Bluestein's FFT is the FFT of any sequence length. Even if the sequence length is a big prime number, the order of complexity is O(N log N).
#include "otfft/otfft.h"
using OTFFT::complex_t;
using OTFFT::simd_malloc;
using OTFFT::simd_free;
void f(int N)
{
complex_t* x = (complex_t*) simd_malloc(N*sizeof(complex_t));
// do something
OTFFT::Bluestein bst(N);
bst.fwd(x); // execution of Bluestein's FFT. x is input and output
// do something
simd_free(x);
}
There are member functions, such as the following.

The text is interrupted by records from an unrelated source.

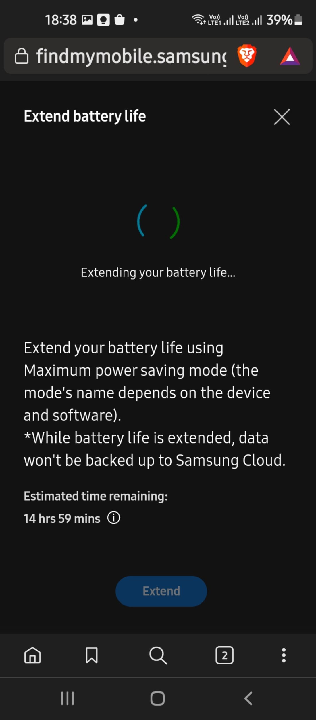 - پس از ورود به وب سایت در قسمت منو روی Extend Battery Life کلیک کرده و سپس گزینه Extend را انتخاب کنید تا حالت صرفهجویی در مصرف انرژی فعال شود.
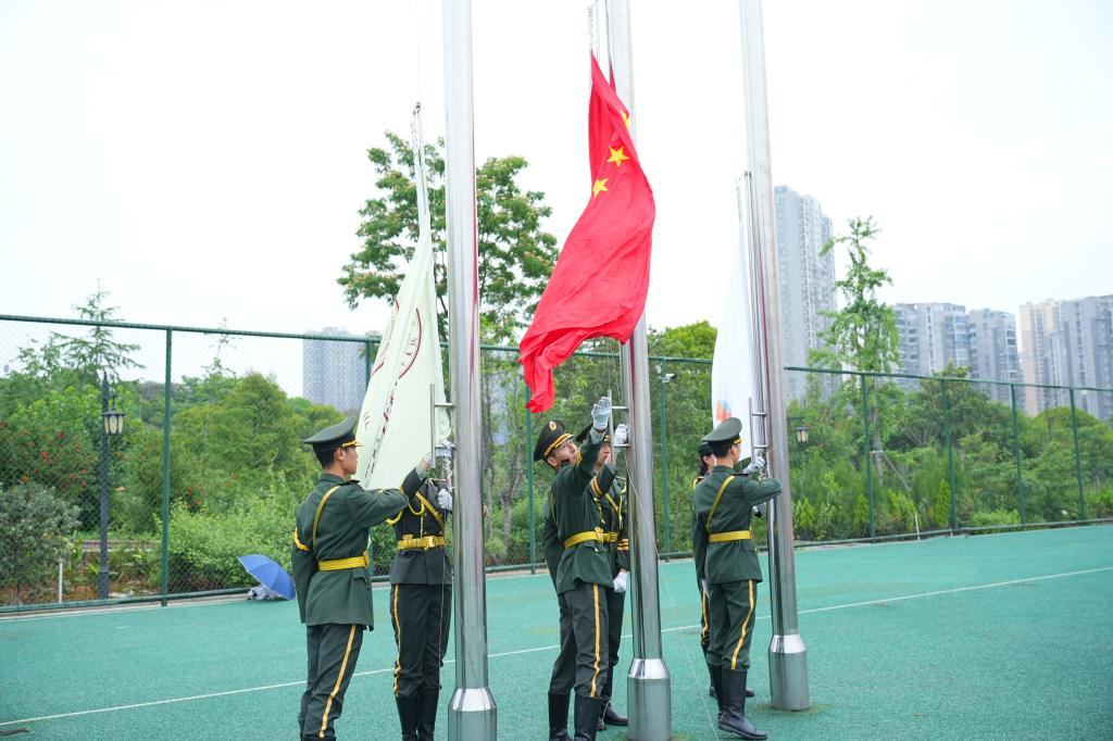 雄壮的国歌声中,国旗徐徐升起,迎风猎猎飘扬,全体人员高唱国歌。升校旗、会旗,全体奏唱校歌。
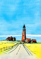 Over ‘Texel | Eierland Vuurtoren vanaf de Vuurtorenweg | Handgemaakte Aquarel Schilderij’ van WatercolorWall
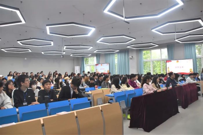 伴随着入团誓词宣读完毕,田甜老师开始以“学生党员的先锋模范作用”为主题进行第一讲授课。她强调,青年学生们必须不忘初心,砥砺前行,要培养和践行社会主义核心价值观,学习和发扬党的二十大精神,将党的二十大精神投入实践之中,为全面提高学生的素质能力和促进学院发展建设出一份青春力量。通过老师认真详细地讲解和科普,在座学生更加了解了团的理论、路线、方针,以及团员的各项义务,让学生们对团有了更深入的了解。
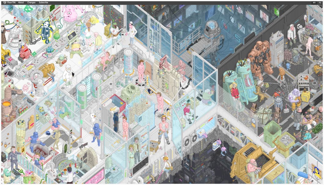 Floor796: Floor796: an ever-expanding animation scene showing the life of the 796th floor of the huge space station, full of pop culture reference. What an awesome eye candy. Don’t forget to click on the little characters to get some references (trigger warning: giant animation that might trigger motion sickness)
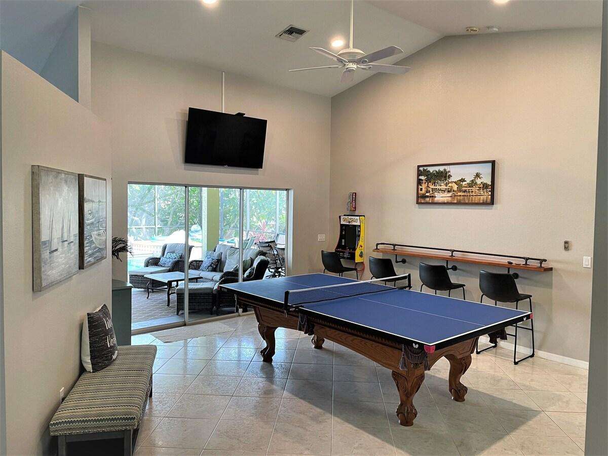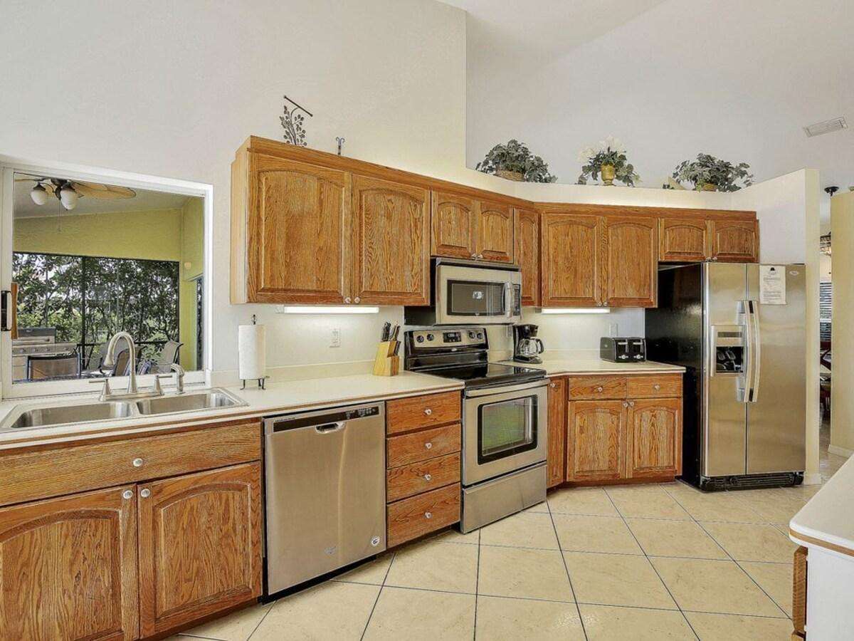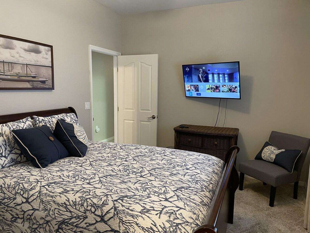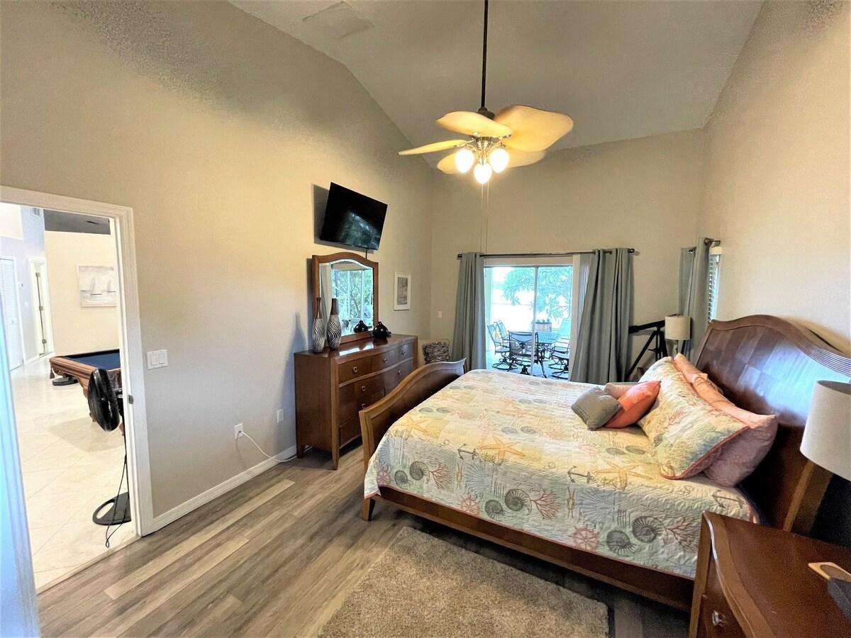 The double door entrance leads immediately to the large Formal Living Room and Dining area. Furnished with comfortable sofas and a work desk, this is a great spot to hang out with the family or a quiet spot to read. Sliding glass doors let in lots of light and provide a view of the pool deck area. Leading from the Living Room is the Kitchen area, Family Room and Breakfast Nook. The Breakfast Nook enjoys views of the pool area and out towards the dock and lake. The Family Room is comfortably furnished with 3 sofas plus cable TV. The Kitchen is well equipped with stainless steel appliances and breakfast bar seating. The Master suite is spacious and upscale in its' appointments. It comes furnished with a sumptuous King bed and cable TV. There are also sliding doors to the pool area. The adjacent Master Bathroom has a separate large walk in shower, huge 2 person sunken bathtub and his and her basin area. The 3 further guest bedrooms continue the theme of space and comfort. Guest Bedroom One is furnished with a queen bed. Guest Bedroom Two is ideal for younger members of the party and furnished with 2 full beds and cable TV. Guest Bedroom 3 is furnished with a twin bed and full bed plus cable TV. The Guest bedrooms share a bathroom equipped with bath tub/shower, basin and toilet. The bathroom also has a door to the pool area so to provide convenient access for all your guests.
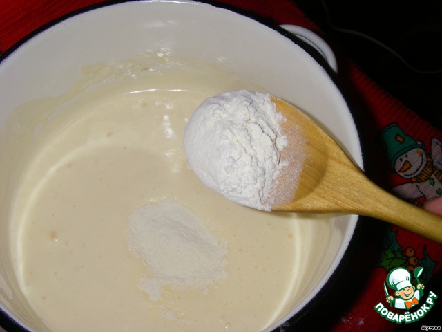 Дальше миксер откладываем. В муку добавляем разрыхлитель и потихоньку вводим муку к яйцам, аккуратно перемешивая ложечкой. Чтобы не нарушить воздушную структуру яично-сахарной массы
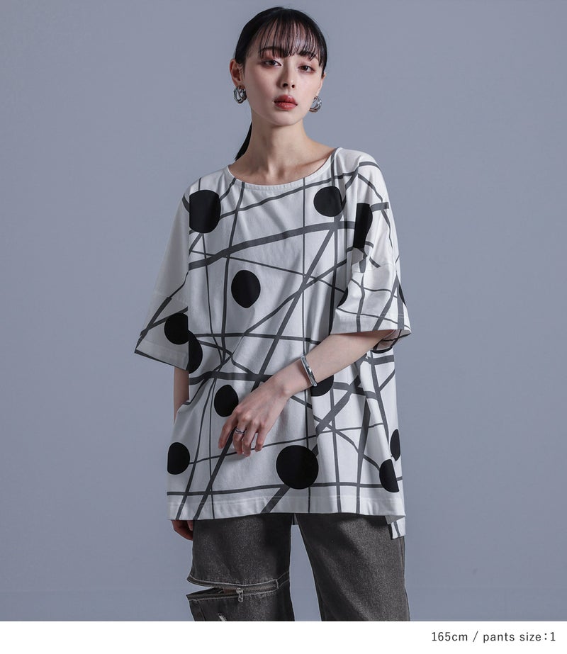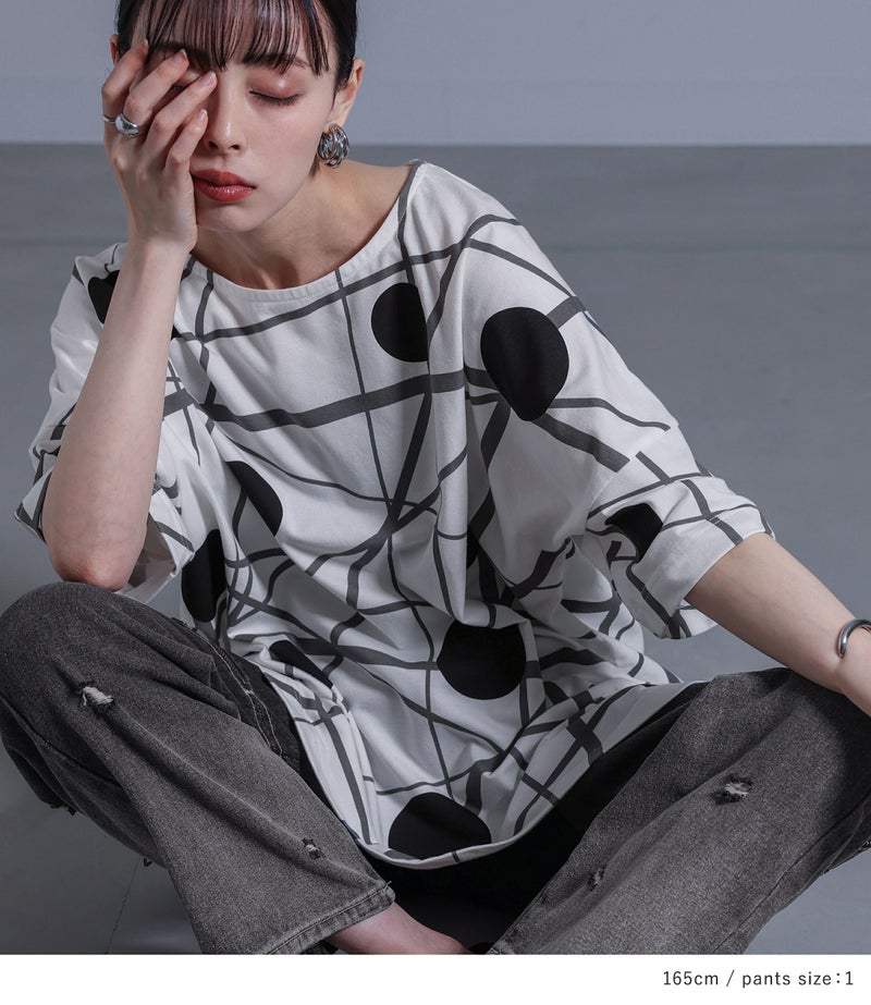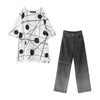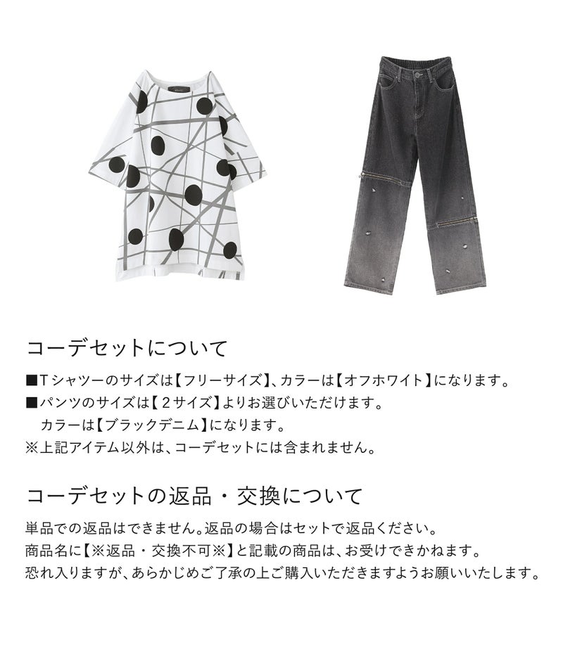 『ランダムドット柄モードTシャツ×ジップデザイングラデーションデニムパンツコーデ2点SET』
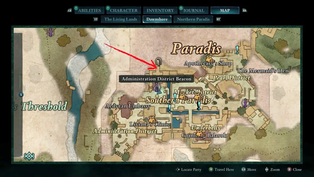 From the Administration District Beacon in Paradis, go upstairs to the Paradis Hightown entrance, but it will be locked.
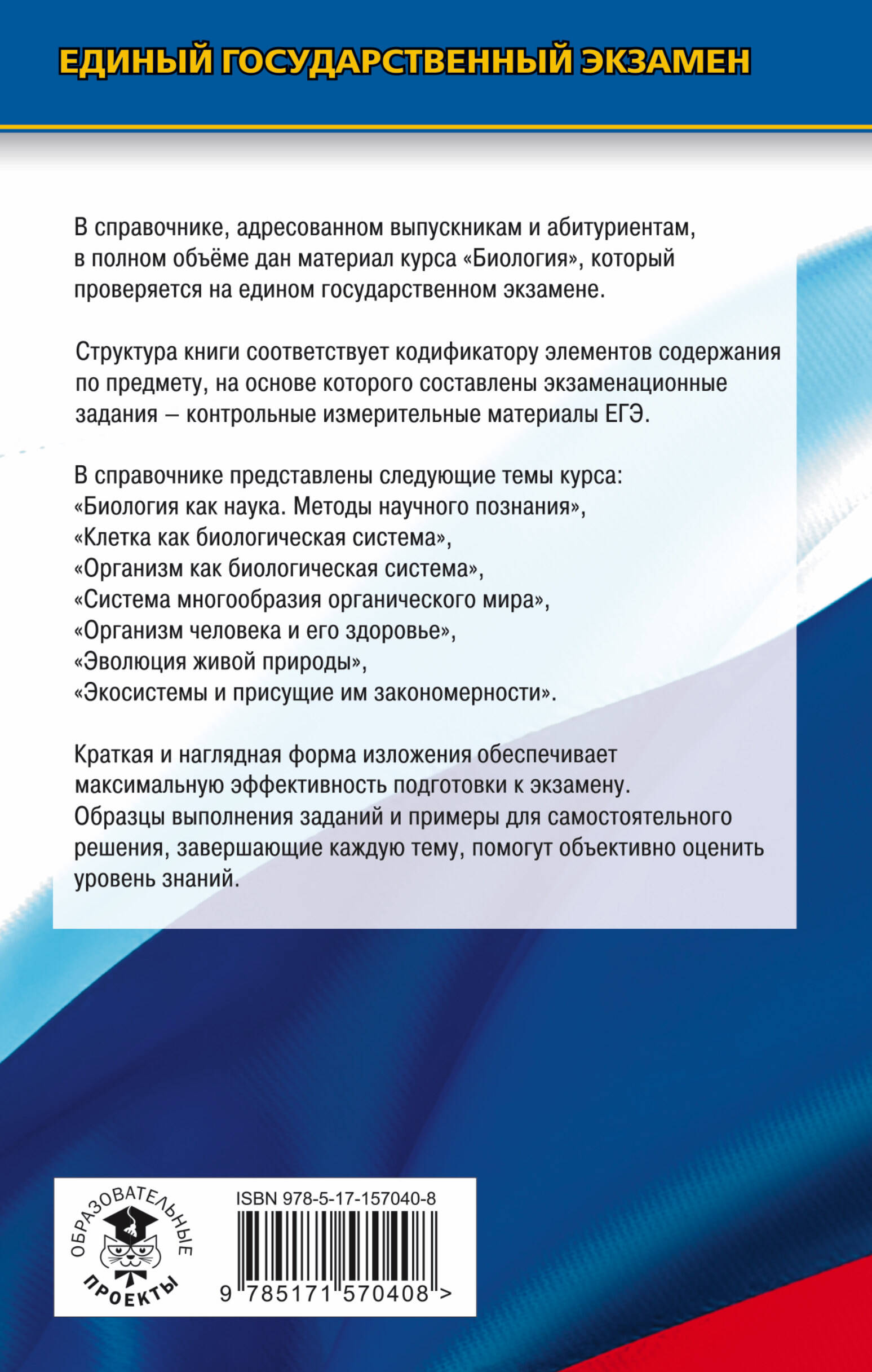 Данный справочник содержит весь теоретический материал по курсу биологии, необходимый для сдачи ЕГЭ. Он включает в себя все элементы содержания, проверяемые контрольно-измерительными материалами, и помогает обобщить и систематизировать знания и умения за курс средней (полной) школы. Теоретический материал изложен в краткой, доступной форме. Каждый раздел сопровождается примерами тестовых заданий, позволяющими проверить свои знания и степень подготовленности к аттестационному экзамену. Практические задания соответствуют формату ЕГЭ. В конце пособия приводятся ответы к тестам, которые помогут школьникам и абитуриентам проверить себя и восполнить имеющиеся пробелы.| Издательство | ИЗДАТЕЛЬСТВО "АСТ" |

fwd(x) -- DFT(with 1/N normalization) x:input/output
fwd0(x) -- DFT(non normalization) x:input/output
fwdu(x) -- DFT(unitary transformation) x:input/output
fwdn(x) -- DFT(with 1/N normalization) x:input/output
inv(x) -- IDFT(non normalization) x:input/output
inv0(x) -- IDFT(non normalization) x:input/output
invu(x) -- IDFT(unitary transformation) x:input/output
invn(x) -- IDFT(with 1/N normalization) x:input/output
To use in a multi-threaded environment, we need to create objects of the same number as the number of threads.